Parce que la vie ne se réorganise pas autour de ce que tu as vécu. Elle se réorganise autour de ce que tu es. Tant que tu te vis comme « celui à qui c'est arrivé », la vie te répond comme à celui-là. Le jour où tu deviens vraiment toi, tout change autour de toi.
Par où ça commence
Pas par une technique. Il n'y a rien de plus à faire. Il y a quelque chose à poser.

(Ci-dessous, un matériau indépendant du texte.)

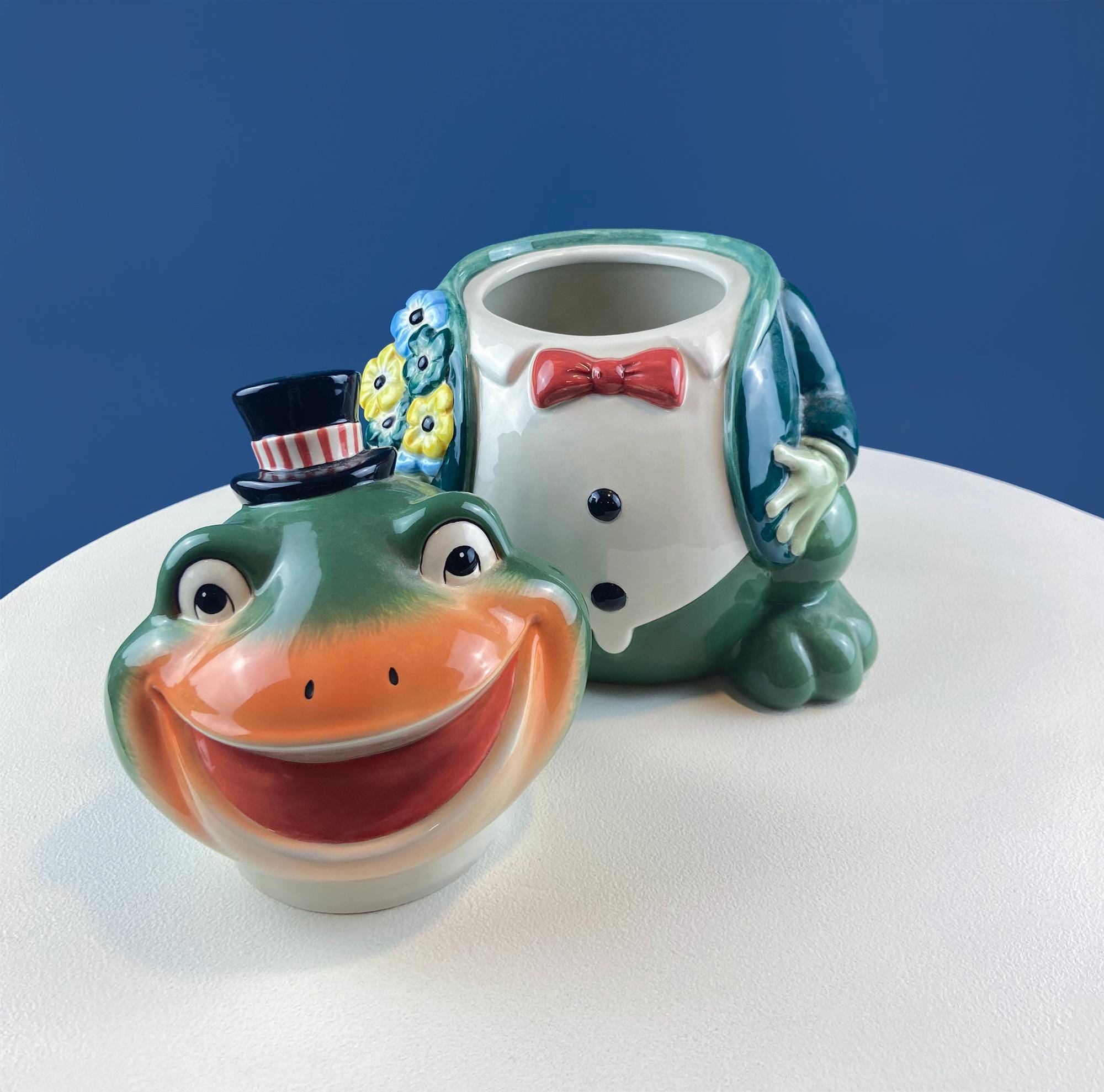 Smiling Frog Cookie Jar by Dept 56. Dapper Toad with Flowers Porcelain Storage Canister. Dining Kitchen Decor. Kids Room. Modern... Read More

Ça commence quand tu arrêtes de te présenter par ta blessure. Tant que ton histoire est ta carte d'identité, tu la gardes vivante. Parle de ce que tu as compris, plus seulement de ce que tu as subi.
Ça continue quand tu apprends à faire le tri. Devant une peur, une réaction, une croyance, pose-toi une seule question : est-ce vraiment moi, ou est-ce ce qu'on m'a appris à être ? Ce qui n'est pas toi tombe dès que tu le regardes en face.
Et ça se termine quand tu arrêtes de réfléchir pour ressentir. La tête comprend, mais elle ne libère pas. On ne guérit pas d'une douleur en y pensant mieux. On en guérit en osant enfin la sentir, sans fuir. Ce que tu ressens n'est pas un problème. C'est ton être qui te montre où il est encore recouvert.
Ce qui reste
Ce qui t'a traversé n'était pas là pour te définir. C'était un passage. Douloureux, injuste peut-être. Mais un passage. Tu n'as pas à y retourner. Tu n'as pas non plus à faire comme s'il n'avait jamais existé. Tu as à en faire quelque chose. Et un jour, ce qui a failli te briser devient exactement ce qui te fait progresser. Pas parce que le mal était un bien déguisé. Mais parce que tu as enlevé les pierres qui n'étaient pas toi. Et laissé l'eau couler de nouveau.
Tu n'es pas ce qui t'est arrivé. Tu es ce que tu en as fait.